Pensions Division is very Specific

A state court can divide retired pay in any way it chooses, subject to the laws of that state. For example, it would be perfectly legal for a court to divide military retired pay 50/50 for a marriage that only lasted two months (again, subject to the laws of that state). A state could also decide to award a majority of the retired pay to the former spouse if the state laws allowed such a division.

In Nevada, which is a community property state, the pension accrued during the marriage, not the pension accrued prior to the marriage, is equally divided.

If the parties are not married for ten years, the service member must pay his spouse the pension payment directly to his spouse.

In order for the Department of Defense (DOD) to make direct payments of a military member’s retired pay to the former spouse, the following guidelines must be met:

  1. The ex-spouse must have been married to the military member for a period of at least 10 years, with at least 10 years of the marriage overlapping a period of military service creditable to retired pay.
  2. Direct payments will not be made for the division of retired pay in excess of 50 percent (If there is more than one divorce, it’s first come, first serve — no more than 50 percent will be paid as a division of retired pay.
  3. Disability pay is not subject to division as property. It is subject to garnishment for alimony or child support, however.
  4. Alimony or child support can be paid in addition to the division of retired pay. In this event, DOD Finance will not pay over 65 percent of an individual’s disposable retired pay for property division and alimony/child support.

It is imperative that an expert prepare such divorce order for the proper division of the pension between the service member and his spouse.

How BAH Works

Basic Allowance for Housing, or BAH, can be affected by divorce, but in most cases, you’ll continue to receive it.

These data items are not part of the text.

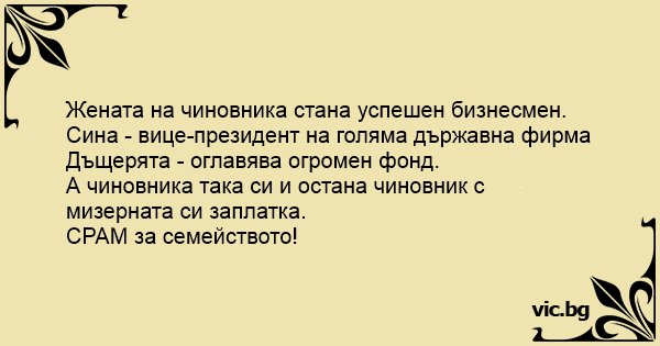 А чиновника така си и остана чиновник с мизерната си заплатка.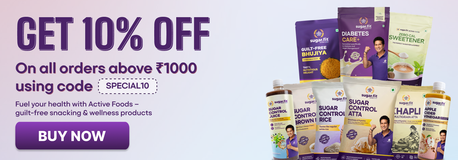 Low GI foods digest more slowly, causing a gradual rise in blood sugar rather than a sharp spike. For someone with diabetes, this means better blood sugar control, reduced insulin demand, and lower risk of complications. Consuming low GI foods like sugar.fit’s Active Atta and Rice helps in maintaining stable glucose levels, making them a beneficial part of a diabetic-friendly diet.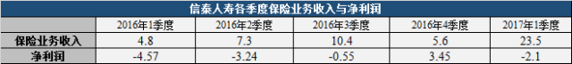 然而,2017年第一季度保费收入高达23.5亿元,同比增长390%。净利润却依然亏损达2.1亿元。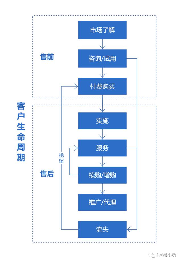 其次,产品经理的日常工作之一就是穿梭于企业各个部门之间,协调资源,解决问题。所以,只有了解客户的生命周期,才能更好地与其他部门合作。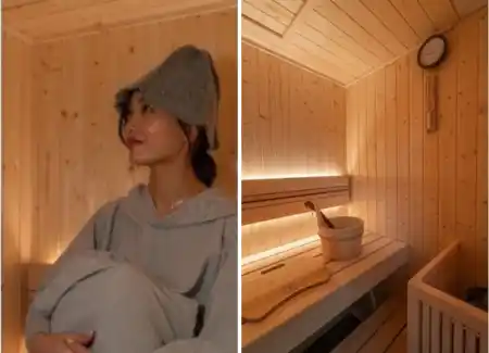 独立したヴィラにはメトスが誇るメイドインジャパンのプライベートサウナを完備しています。木の温もりに包まれたサウナ室はセルフロウリュが可能で、ロウリュ用のアロマオイル(rento)もご用意しています。心地よい蒸気と香りが全身を包み込み、自分好みのサウナを体験いただけます。 |
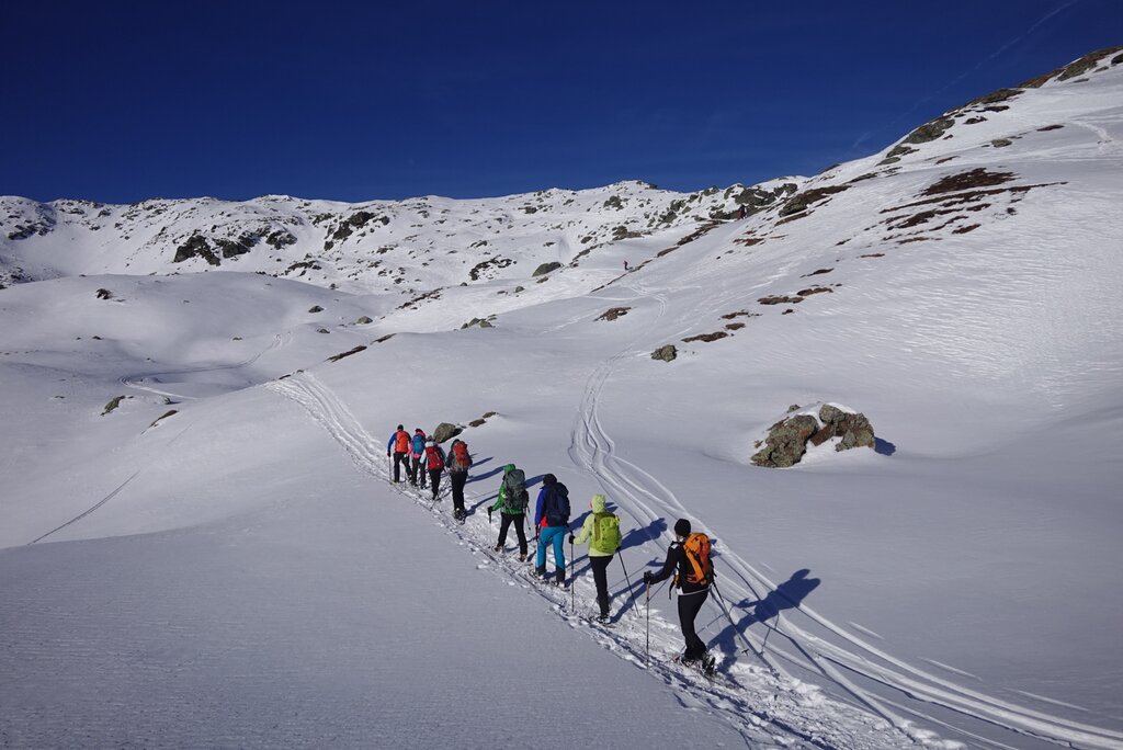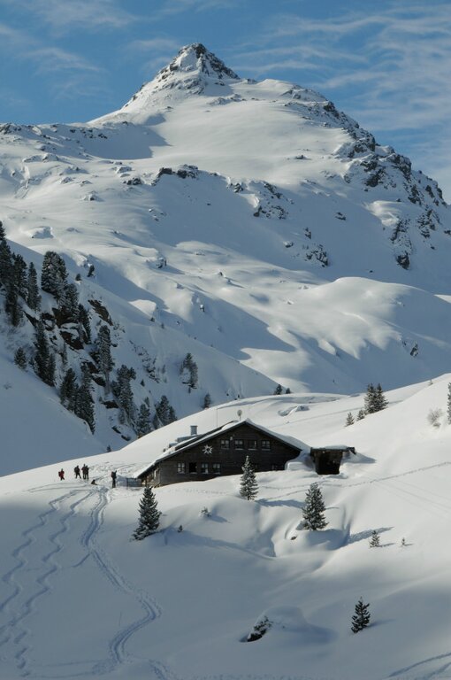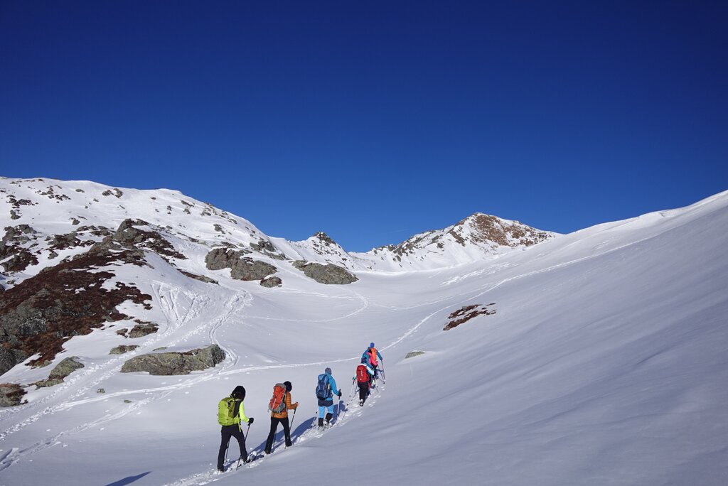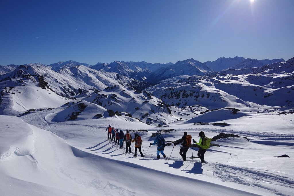 - Leihausrüstung: Schneeschuhe, Teleskopstöcke, LVS-Gerät, Lawinenschaufel und -sonde
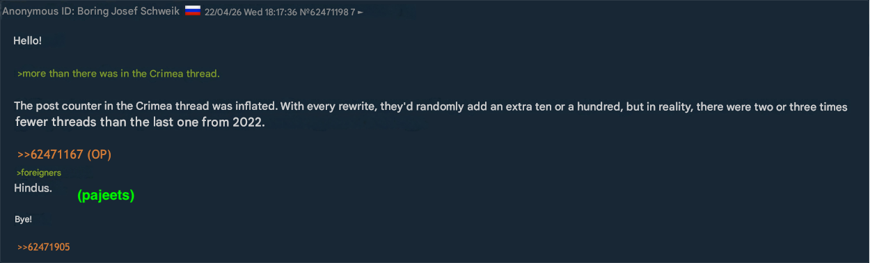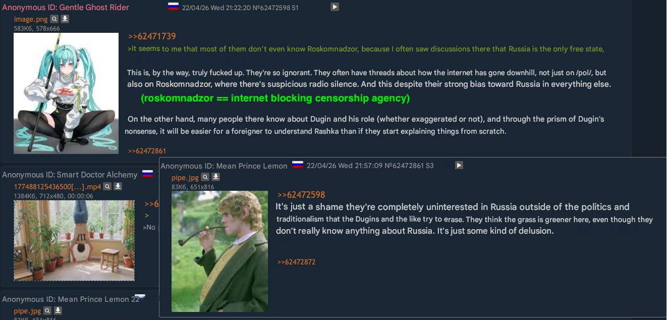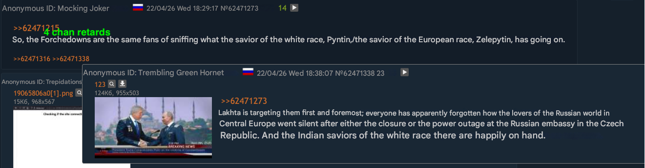 >>533666229I remember visiting that website with seemingly anti-regime userbase called joyreactor. Left one comment in 2022 suggesting them that maybe it's finally time to actually do something and got shadowbanned instantly.>>533666275I don't know, its like 80% lakhtabots baiting retards with anime pics, and other 20% are various browns hating the west (and us for some fucking reason)

It may be adjusted to reflect your new marital status, depending on whether you have children. BAH is exactly what it says, it is money given to you by the government to help you pay for housing. 

The government determines BAH based on several factors, including pay grade, if you have dependents, the median housing costs for the area you are stationed or where your family is living. Generally, it will not cover all costs, but it should meet about 80 percent. In a divorce, it can be affected in a couple of ways. If you and your spouse have no children together, and if you are the service member, you’ll continue to receive BAH post-divorce, provided you don’t move into single-unit government housing. If you continue living off-base, you’ll receive the BAH-WITHOUT rate rather than the BAH-WITH rate because you no longer have a dependent — your spouse. However, if there are children involved, it can become more complicated.

You’ll continue to receive BAH, but at either the BAH-DIFF rate or the BAH-WITH rate, depending on your custody arrangement and where you live post-divorce. If you move into single-unit government housing after your divorce and your ex has custody of your children, you’ll receive BAH-DIFF if your child support obligation is at least as much as that calculated amount. If you live off-base, you can still claim your children as dependents and qualify for BAH-WITH, even if you don’t have custody.

However, your child support obligation must be equal to or greater than the BAH-DIFF rate you would have received if you lived in single-unit government housing. If you do have custody, your children are your dependents, regardless of the fact that, in most cases, you would not be paying child support.

GI Bill in a Divorce

Lastly, the GI Bill is the post-9/11 bill that provides education benefits to servicemen and women along with their immediate family members. The VA will pay up to three years’ benefits for approved programs. This includes such payments as in-state public institution tuition and fees, monthly housing, books, supplies, and one-time rural benefit payment.  

GI benefits are not a marital asset, meaning they are separate property belonging exclusively to the servicemember. The spouse is not entitled to a share of those benefits by a divorce court unless the service member agrees. This could be awarded to the nonservice member spouse if he or she requests alimony so that the alimony could be reduced by this education benefit. This enormously generous benefit comes with a 15-year clock, meaning it is an ideal asset to transfer to your children. It is by default exclusively the benefit of the servicemember, so you have to make some effort to transfer it to either your children or spouse.

The transfer of benefits must be done before the divorce is final and while the service member is on active duty.